**What to do**
Produce a verbatim copy of the data below that contains no pictures.

**Provided data**
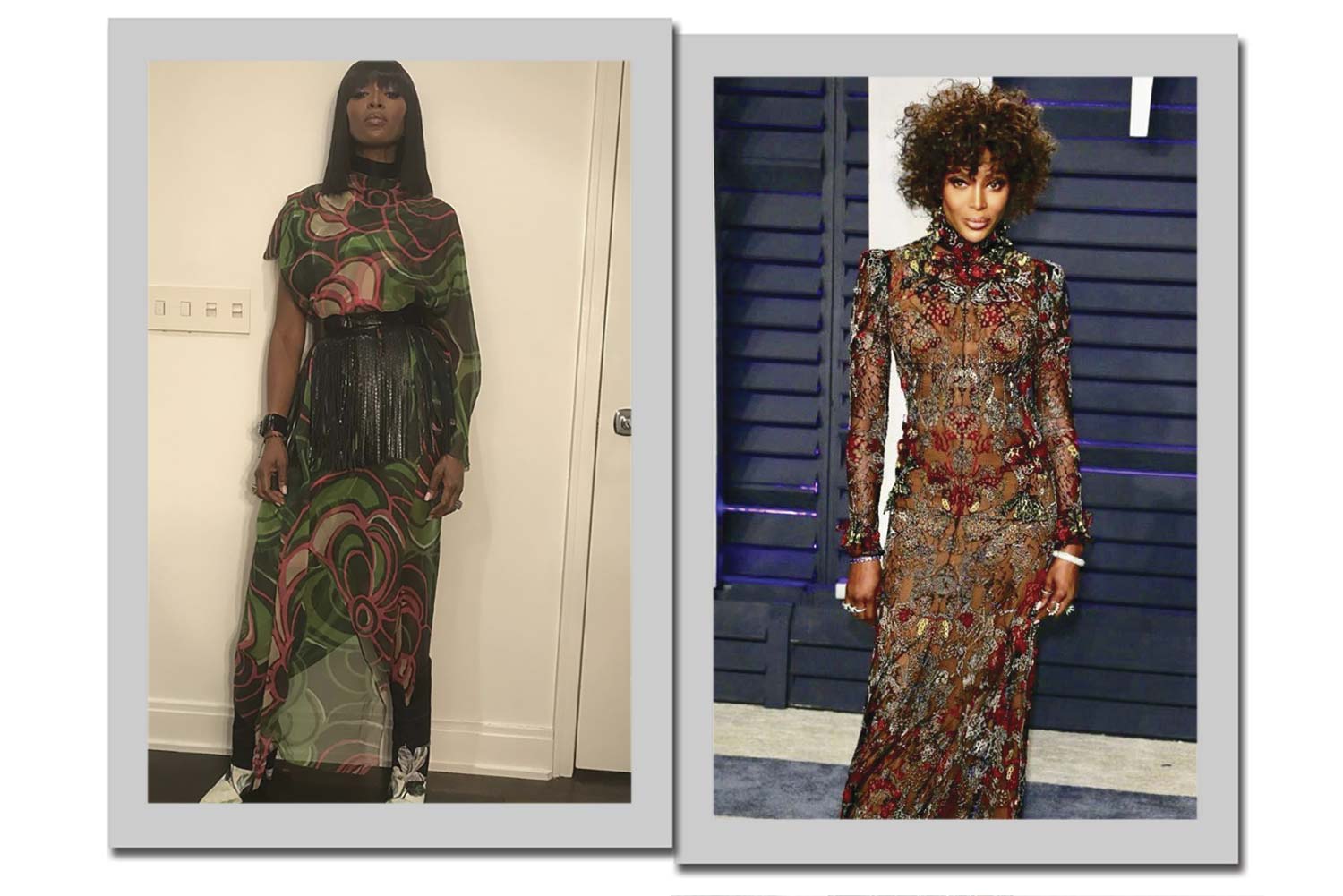 Naomi não tem medo de abusar dos estampados. Tanto que se veste dos pés a cabeça e ainda opta por modelos fechados, para manter o estilo extravagante.
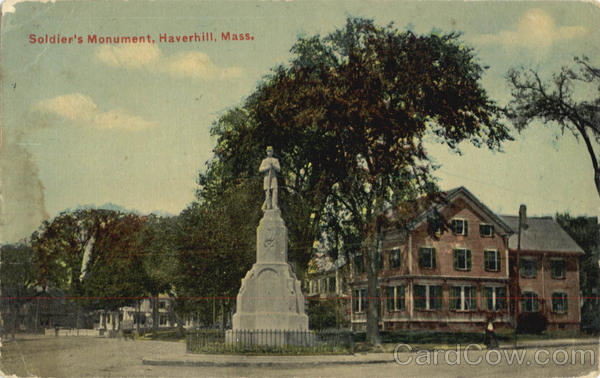 Front: Soldier's Monument, Haverhill, Mass. Back: 1.50 MFA SEP 25 1913 MA It is a beautiful day this am we took a nice doing went down to see Mrs Rowell and then look a drive along by the river. A. 1CENTI 221 Mountain Mart Halden
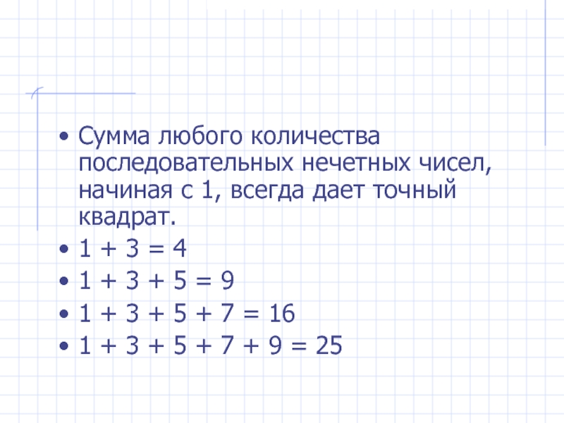 13 + 23 + 33 + 43 = (1+2+3+4)2

**Solved problem**
 Naomi não tem medo de abusar dos estampados. Tanto que se veste dos pés a cabeça e ainda opta por modelos fechados, para manter o estilo extravagante.
 Front: Soldier's Monument, Haverhill, Mass. Back: 1.50 MFA SEP 25 1913 MA It is a beautiful day this am we took a nice doing went down to see Mrs Rowell and then look a drive along by the river. A. 1CENTI 221 Mountain Mart Halden
 13 + 23 + 33 + 43 = (1+2+3+4)2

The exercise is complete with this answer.